Families need clarity on financing collegeFinancing a house or a car can be confusing. But it's nothing compared with trying to finance a college education.
In college-loan documents, disclosures about rates and terms are often paltry. That's especially rough for the 17-year-olds
who are poring over the paperwork with their parents and committing to years of payments.
Teenagers are among the least equipped to comprehend the implications of high debt. High school seniors recently surveyed
about their understanding of financial basics by the JumpStart Coalition for Personal Financial Literacy scored, on average,
just over 50 percent.
And yet, full-time students who borrow to pay for four years of college graduate with an average debt of almost $20,000. That's
a result of skyrocketing college costs.
Students and parents should have access to understandable information at critical points in the financing process. The current
system makes that nearly impossible. Colleges calculate the cost of attending in different ways, so comparisons are difficult.
Financial aid award letters don't always make clear the difference between grants, which don't need to be repaid, and loans,
which do. They also give little or no guidance on how to minimize loans, secure low-cost financing, or figure out the bottom-line
cost of loans.
Lenders offering private loans contribute to the problem by failing to adequately disclose terms and rates, making it hard
for families to comparison shop. Parents often don't get that information until they sign for the loan. And lenders aren't
required to tell students about how high payments on a variable interest rate loan can balloon if their interest rate rises.
Research by Consumers Union, the nonprofit publisher of
Consumer Reports, has found that students and their parents turn most often to a college's financial aid office for the ins and outs of paying
for an education. But the information they get is often inconsistent and at times misleading. For example, some expensive
colleges give enticingly large financial aid awards but hide the amount families must pay.
Recent investigations by New York's attorney general, Andrew M. Cuomo, and the Senate's Health, Education, Labor, and Pensions
Committee have uncovered the fact that some financial aid officials have been taking kickbacks from private lenders and recommending
lenders even if they are not the best choice for students.
Congress is now considering legislation to clean up college financing.
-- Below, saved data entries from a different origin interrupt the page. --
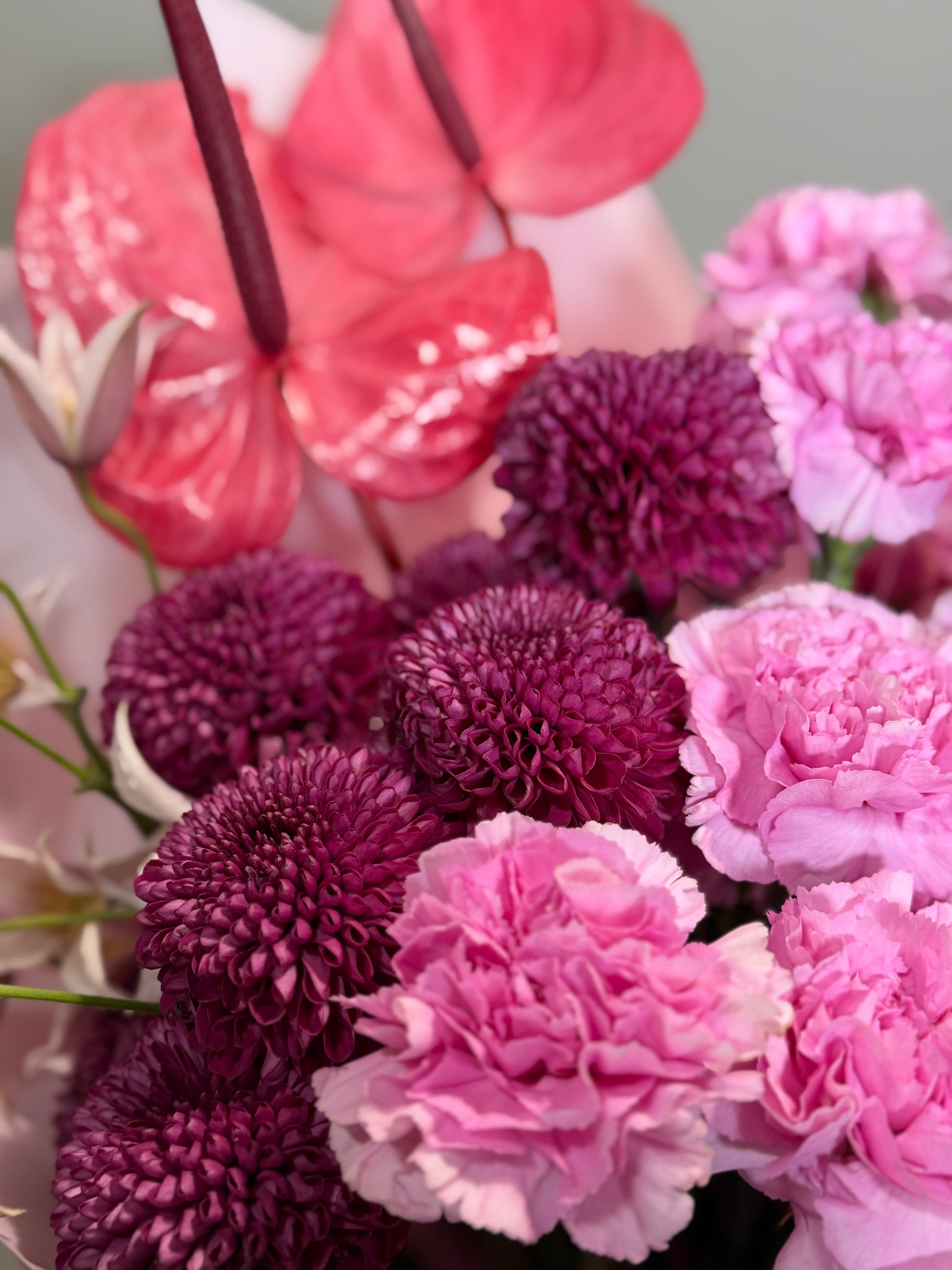 Make a statement with our premium Mauve Blush bouquet, handcrafted in a soft lilac and pink palette with bold, sculptural contrast. Featuring rich chrysanthemum blooms, elegant snapdragons, glossy anthurium, ruffled carnations and delicate clematis, this bouquet is designed with modern texture, height and effortless movement.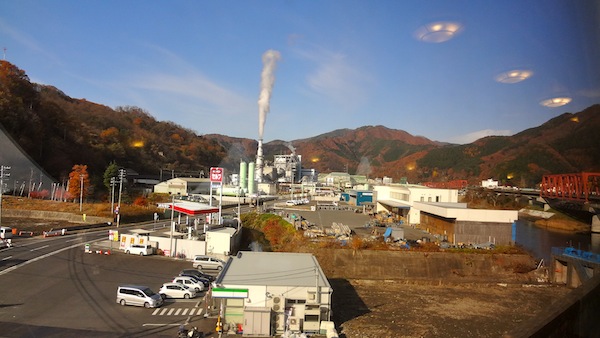 釜石駅に近づいてきました。新日鉄住金釜石工場から工場の稼働を示す煙が立ち上っています。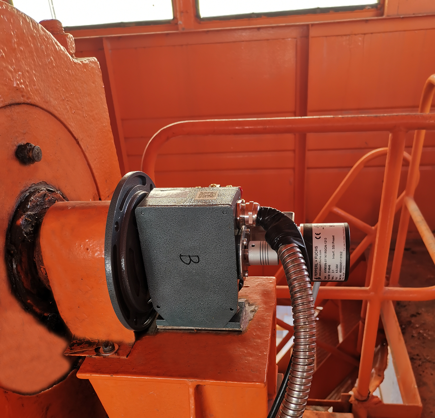 機(jī)械旋轉(zhuǎn)限位開(kāi)關(guān)通過(guò)旋轉(zhuǎn)機(jī)構(gòu)機(jī)械式控制吊鉤的上下極限,旋轉(zhuǎn)限位開(kāi)關(guān)量信號(hào)給下位機(jī)電路板通過(guò)程序顯示吊鉤的限位狀態(tài),編碼器信號(hào)輸入到小車下位機(jī)控制箱,下位機(jī)將采集到的數(shù)據(jù)通訊給司機(jī)室下位機(jī),下位機(jī)再通訊到工控機(jī),顯示器顯示數(shù)據(jù),司機(jī)室下位機(jī)控制輸出。

Consumers Union thinks that it should:
- Require all colleges to use the same definitions and formats in awards letters to disclose the costs of attendance, the financial
aid awarded, and the implications of using various loans.
- Require private lenders to provide--in plain language--the rates, terms, and conditions of a loan at the time it's approved
rather than at closing, when it's too late to compare options.
- Require students to receive financial aid counseling before they get their loan checks. This would give them a chance to change
their spending and borrowing habits (or even their college) when it could make a difference to their future debt burden.